Sigh. I have completed Still Life by A.S. Byatt and have chewed through 450 pages in Babel Tower, its successor in the Frederica tales. I have nodded as samizdat has tumbled off into what may prove the Big Sleep. Joel is finishing his basement with help imported from Scandinavia. Yeah, I know, it is a holiday week

Thursday, November 17, 2011

The Hilliker Curse: My Pursuit of Women

I read the "memoir" by James Ellroy Tuesday night in one blurred, scratching, sitting. It bothered me. I recognize it could be a stunt, it could be hyperbole. I don't care, it bothered me.

Tuesday, November 15, 2011

Feeling Better

Large slabs of lucidity, albeit in slow motion, was available today. I recalled an interview I viewed with Martin Amis surrounding the publication of The Pregnant Widow. Gazing in the mirror and perhaps sensing the Reaper is now afoot, Amis described this theory of his where writers should stop before say 70 as what occurs subsequent will be senile shit and embarrassing for the legacy as it were.

I should pause to draw attention to Amis' other theories for instance that all Muslims should be stopped and questioned daily so as to "clean their own house."

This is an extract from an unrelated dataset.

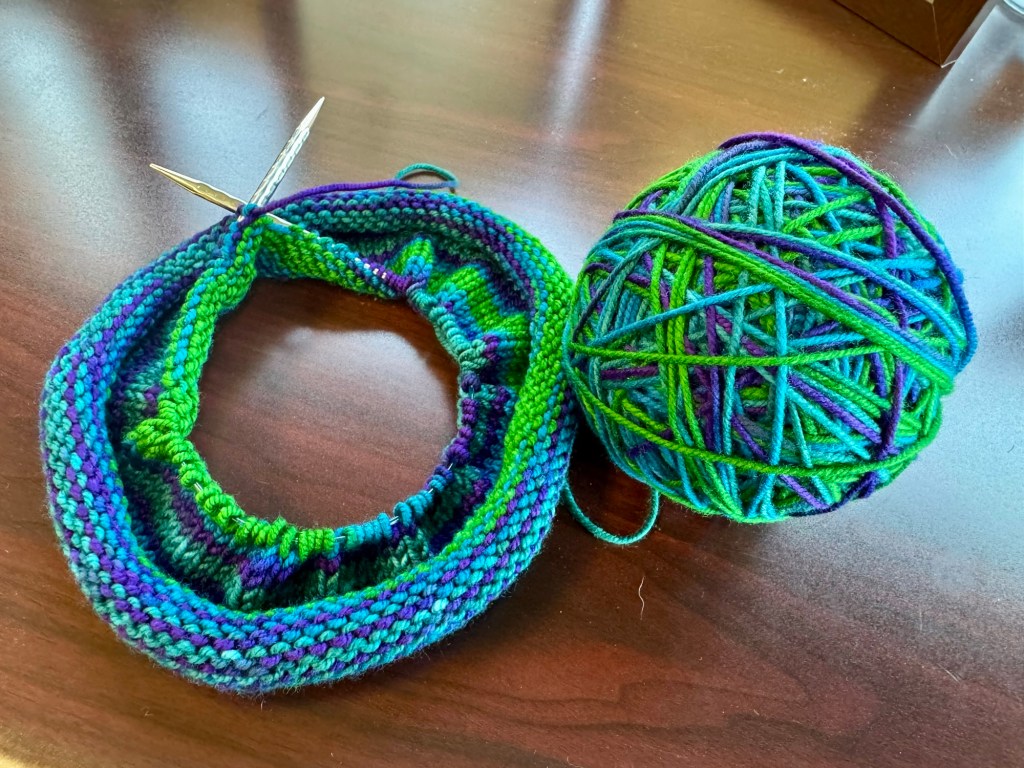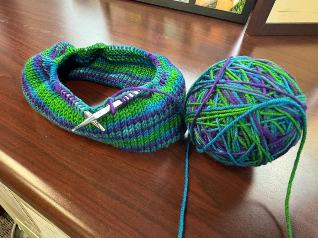 It’s been hard to keep working on this one as the Swiftie Beanie has been calling to me to work on. The bigger yarn and changing colors are giving me more dopamine than solid color in the round.

Well, anyway, Marty, your theory is shit and you know it. I only need cite The Prague Cemetery. There, feel that wrath? I know you do. I still love you.

Monday, November 14, 2011

Busy Then Sick

Umberto Eco concludes his masterful Infinity of Lists with a verse from Apollinaire: Pity for us who always battle on the frontiers of the boundless and the future. Following our return from Chicago I concluded Eco's survey and reveled in selections from Burton, Rabelais, Huysmans and Pynchon. This is certainly a book to be savored.

The first week back at work proved engaging, though I managed to complete Murakami's 1Q84 with a measure below satisfaction. Since then I have considered that the use of Aomame's vocation and personal devotion to intense stretching is an apt portal into the book. Maestro Murakami expects the reader to endure the ritual and the repetition for the sake of a nimble enlightenment. I can’s consider myself as converted.

The Prague Cemetery by Eco became available at the library and I swooped into this pastiche where apparently most of the dialogue is actual from available records, which is astounding. One must measure the recoil when we encounter towards the novel’s conclusion that The Protocols of Zion must include a platform from the Jewish/Freemason Conspiracy that history should be minimized in public education as no one need concern themselves with centuries of tragedy and deception, but focus on a brightened future of possibility. Such cynicism is a shorthand for almost every political movement in history. Eco has certainly triumphed with this one.

My wife’s sister Tihana mailed me a copy of The Loudest Sound and Nothing by Claire Wigfall which I pounced upon and read in a pair of evenings before my present head cold throttled me. I enjoyed the collection with mixed responses as I am so disposed. There are images from within such I can’t manage to elude which I suppose is an endorsement of sorts

Thursday, November 03, 2011

Heft

My copy of 1Q84 arrived last Friday, just before we headed north to Chicago. Despite my being on holiday as such. There haven't proved to be enormous slabs of time for reading. I have skipped about with my murakami in tow and managed 20-30 pages stretches. This has culminated in my being around p.400.

My observations have perched around the idea that is may be the darkest work yet from the Nipponese author. It is reckless to suggest, but I felt initially that this was some measure of a response to 2666. Many of the Murakami leitmotifs are present in abundance; the alienation, the awkward encounters with younger women, the brushing with edges of something sinister. Apart form that, this is more visceral than I've grown to expect.